Output the opening lines of the records exactly. End with the line that contains "Pemeriksaan Berita Harian".

** Supplied material follows **

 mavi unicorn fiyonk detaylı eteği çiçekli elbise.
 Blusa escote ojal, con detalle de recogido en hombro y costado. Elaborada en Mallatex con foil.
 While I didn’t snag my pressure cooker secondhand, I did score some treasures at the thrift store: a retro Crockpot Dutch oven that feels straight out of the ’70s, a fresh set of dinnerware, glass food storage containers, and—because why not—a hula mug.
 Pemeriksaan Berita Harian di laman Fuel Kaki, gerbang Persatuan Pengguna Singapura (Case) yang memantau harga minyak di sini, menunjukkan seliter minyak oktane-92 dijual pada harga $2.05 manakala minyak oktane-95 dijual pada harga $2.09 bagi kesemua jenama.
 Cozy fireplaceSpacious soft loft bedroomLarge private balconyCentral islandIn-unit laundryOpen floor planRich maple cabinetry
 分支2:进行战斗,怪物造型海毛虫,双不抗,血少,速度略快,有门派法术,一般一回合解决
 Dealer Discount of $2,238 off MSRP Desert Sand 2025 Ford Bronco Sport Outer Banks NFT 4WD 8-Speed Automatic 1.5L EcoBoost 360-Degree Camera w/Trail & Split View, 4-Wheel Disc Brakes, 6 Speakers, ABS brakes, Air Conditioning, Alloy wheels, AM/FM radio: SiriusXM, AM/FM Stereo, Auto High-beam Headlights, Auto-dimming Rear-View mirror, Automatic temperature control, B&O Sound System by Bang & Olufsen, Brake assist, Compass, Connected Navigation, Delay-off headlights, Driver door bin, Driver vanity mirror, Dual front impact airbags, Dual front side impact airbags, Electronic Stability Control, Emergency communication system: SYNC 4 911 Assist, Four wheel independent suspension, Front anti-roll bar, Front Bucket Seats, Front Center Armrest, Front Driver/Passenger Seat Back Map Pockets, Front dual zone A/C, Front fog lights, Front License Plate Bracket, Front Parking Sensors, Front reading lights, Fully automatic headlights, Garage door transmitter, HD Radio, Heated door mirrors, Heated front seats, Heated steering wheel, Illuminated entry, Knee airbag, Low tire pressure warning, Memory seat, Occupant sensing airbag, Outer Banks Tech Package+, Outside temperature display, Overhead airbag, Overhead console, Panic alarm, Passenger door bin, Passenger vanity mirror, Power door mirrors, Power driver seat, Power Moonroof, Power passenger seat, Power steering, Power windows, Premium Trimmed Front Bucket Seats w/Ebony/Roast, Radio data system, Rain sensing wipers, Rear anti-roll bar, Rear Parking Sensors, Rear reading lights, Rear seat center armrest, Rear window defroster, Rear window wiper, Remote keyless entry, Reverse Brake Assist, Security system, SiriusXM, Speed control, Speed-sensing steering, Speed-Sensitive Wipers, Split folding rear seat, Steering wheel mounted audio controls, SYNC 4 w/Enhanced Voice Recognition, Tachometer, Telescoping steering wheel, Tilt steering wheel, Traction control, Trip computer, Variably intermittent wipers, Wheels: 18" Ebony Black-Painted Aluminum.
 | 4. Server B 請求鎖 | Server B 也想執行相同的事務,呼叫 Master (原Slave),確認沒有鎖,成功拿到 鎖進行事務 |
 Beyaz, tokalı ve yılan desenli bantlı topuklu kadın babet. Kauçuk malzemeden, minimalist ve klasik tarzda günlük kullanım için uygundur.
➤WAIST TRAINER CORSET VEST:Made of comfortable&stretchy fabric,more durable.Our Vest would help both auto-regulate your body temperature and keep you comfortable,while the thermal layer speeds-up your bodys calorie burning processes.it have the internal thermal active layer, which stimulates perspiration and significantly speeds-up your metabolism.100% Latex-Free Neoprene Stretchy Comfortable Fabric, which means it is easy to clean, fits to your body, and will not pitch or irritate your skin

** End of Supplied material **

* Problem solution *
 mavi unicorn fiyonk detaylı eteği çiçekli elbise.
 Blusa escote ojal, con detalle de recogido en hombro y costado. Elaborada en Mallatex con foil.
 While I didn’t snag my pressure cooker secondhand, I did score some treasures at the thrift store: a retro Crockpot Dutch oven that feels straight out of the ’70s, a fresh set of dinnerware, glass food storage containers, and—because why not—a hula mug.
 Pemeriksaan Berita Harian di laman Fuel Kaki, gerbang Persatuan Pengguna Singapura (Case) yang memantau harga minyak di sini, menunjukkan seliter minyak oktane-92 dijual pada harga $2.05 manakala minyak oktane-95 dijual pada harga $2.09 bagi kesemua jenama.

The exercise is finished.